Material for this task:
____
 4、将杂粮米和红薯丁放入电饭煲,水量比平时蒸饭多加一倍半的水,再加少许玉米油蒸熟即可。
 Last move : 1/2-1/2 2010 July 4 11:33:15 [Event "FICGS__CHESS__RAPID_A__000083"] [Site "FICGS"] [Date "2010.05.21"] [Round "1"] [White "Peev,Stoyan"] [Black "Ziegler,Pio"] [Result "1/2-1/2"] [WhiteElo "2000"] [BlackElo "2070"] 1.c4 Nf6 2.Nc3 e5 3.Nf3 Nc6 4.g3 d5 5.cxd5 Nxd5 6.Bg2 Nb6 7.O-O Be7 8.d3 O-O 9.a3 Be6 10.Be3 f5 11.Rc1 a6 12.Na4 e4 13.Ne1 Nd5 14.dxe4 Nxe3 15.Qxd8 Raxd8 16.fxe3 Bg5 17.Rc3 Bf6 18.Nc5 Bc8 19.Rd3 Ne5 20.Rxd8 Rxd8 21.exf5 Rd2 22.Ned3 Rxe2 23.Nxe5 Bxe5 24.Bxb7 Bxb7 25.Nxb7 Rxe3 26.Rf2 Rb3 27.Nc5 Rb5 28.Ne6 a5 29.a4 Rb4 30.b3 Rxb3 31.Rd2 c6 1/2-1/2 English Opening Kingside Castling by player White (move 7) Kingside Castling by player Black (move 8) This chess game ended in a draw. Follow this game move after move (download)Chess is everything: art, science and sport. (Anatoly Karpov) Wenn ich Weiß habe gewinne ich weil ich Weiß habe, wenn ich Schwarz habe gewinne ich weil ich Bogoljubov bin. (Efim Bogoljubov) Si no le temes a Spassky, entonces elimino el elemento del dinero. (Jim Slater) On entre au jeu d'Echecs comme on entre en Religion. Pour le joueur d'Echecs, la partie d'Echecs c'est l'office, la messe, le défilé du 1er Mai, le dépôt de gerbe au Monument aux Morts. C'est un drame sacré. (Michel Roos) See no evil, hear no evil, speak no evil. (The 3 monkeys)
____
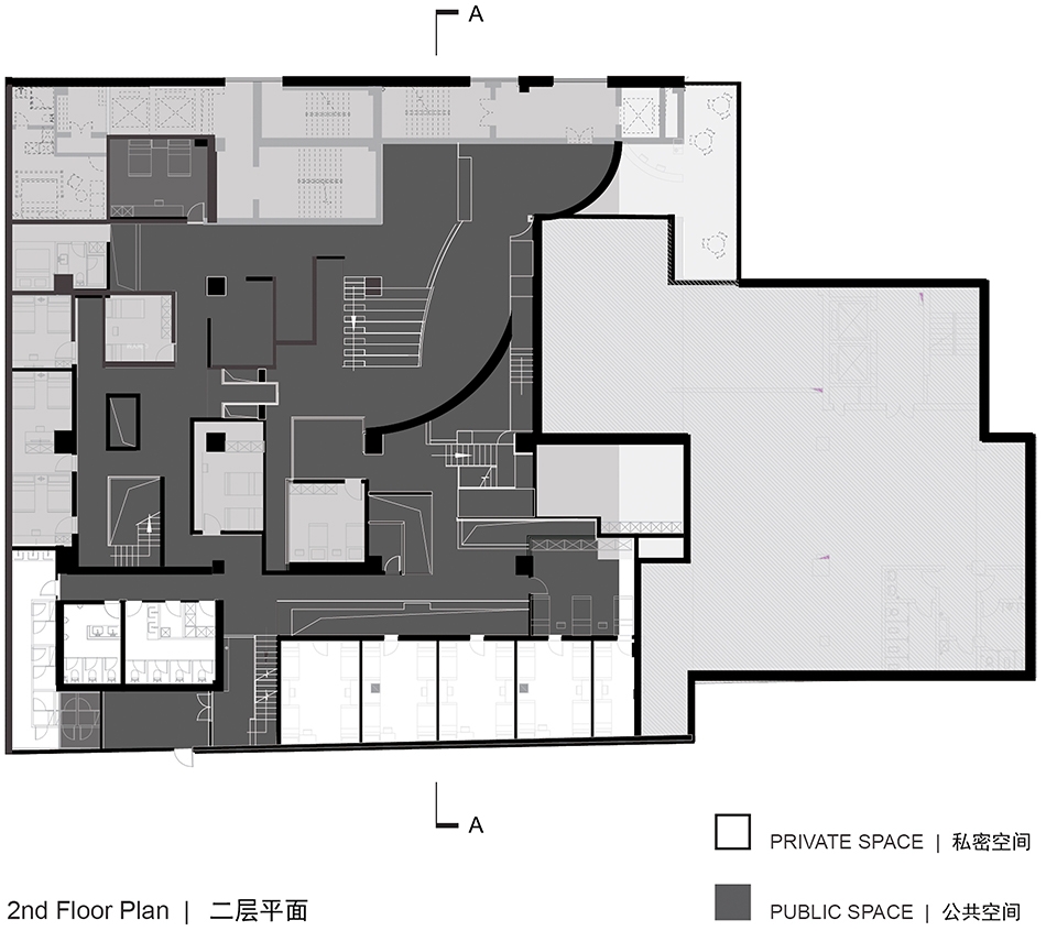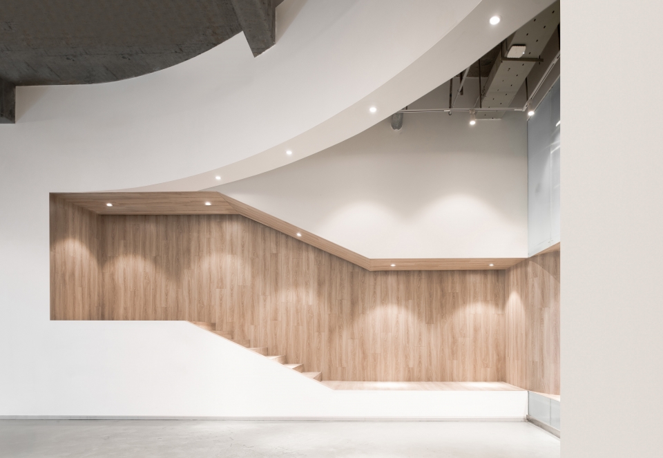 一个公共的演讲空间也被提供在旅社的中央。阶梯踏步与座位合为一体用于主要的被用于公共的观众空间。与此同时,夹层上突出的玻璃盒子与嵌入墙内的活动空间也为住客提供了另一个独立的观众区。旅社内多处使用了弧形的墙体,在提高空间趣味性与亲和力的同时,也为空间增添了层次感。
____
Your task: Find "4、将杂粮米和红薯丁放入电饭" in the entries above and copy that whole line exactly, then each line after it through the line that contains "Last move : 1/2-1/2".

Result for this exercise:
 4、将杂粮米和红薯丁放入电饭煲,水量比平时蒸饭多加一倍半的水,再加少许玉米油蒸熟即可。
 Last move : 1/2-1/2 2010 July 4 11:33:15 [Event "FICGS__CHESS__RAPID_A__000083"] [Site "FICGS"] [Date "2010.05.21"] [Round "1"] [White "Peev,Stoyan"] [Black "Ziegler,Pio"] [Result "1/2-1/2"] [WhiteElo "2000"] [BlackElo "2070"] 1.c4 Nf6 2.Nc3 e5 3.Nf3 Nc6 4.g3 d5 5.cxd5 Nxd5 6.Bg2 Nb6 7.O-O Be7 8.d3 O-O 9.a3 Be6 10.Be3 f5 11.Rc1 a6 12.Na4 e4 13.Ne1 Nd5 14.dxe4 Nxe3 15.Qxd8 Raxd8 16.fxe3 Bg5 17.Rc3 Bf6 18.Nc5 Bc8 19.Rd3 Ne5 20.Rxd8 Rxd8 21.exf5 Rd2 22.Ned3 Rxe2 23.Nxe5 Bxe5 24.Bxb7 Bxb7 25.Nxb7 Rxe3 26.Rf2 Rb3 27.Nc5 Rb5 28.Ne6 a5 29.a4 Rb4 30.b3 Rxb3 31.Rd2 c6 1/2-1/2 English Opening Kingside Castling by player White (move 7) Kingside Castling by player Black (move 8) This chess game ended in a draw. Follow this game move after move (download)Chess is everything: art, science and sport. (Anatoly Karpov) Wenn ich Weiß habe gewinne ich weil ich Weiß habe, wenn ich Schwarz habe gewinne ich weil ich Bogoljubov bin. (Efim Bogoljubov) Si no le temes a Spassky, entonces elimino el elemento del dinero. (Jim Slater) On entre au jeu d'Echecs comme on entre en Religion. Pour le joueur d'Echecs, la partie d'Echecs c'est l'office, la messe, le défilé du 1er Mai, le dépôt de gerbe au Monument aux Morts. C'est un drame sacré. (Michel Roos) See no evil, hear no evil, speak no evil. (The 3 monkeys)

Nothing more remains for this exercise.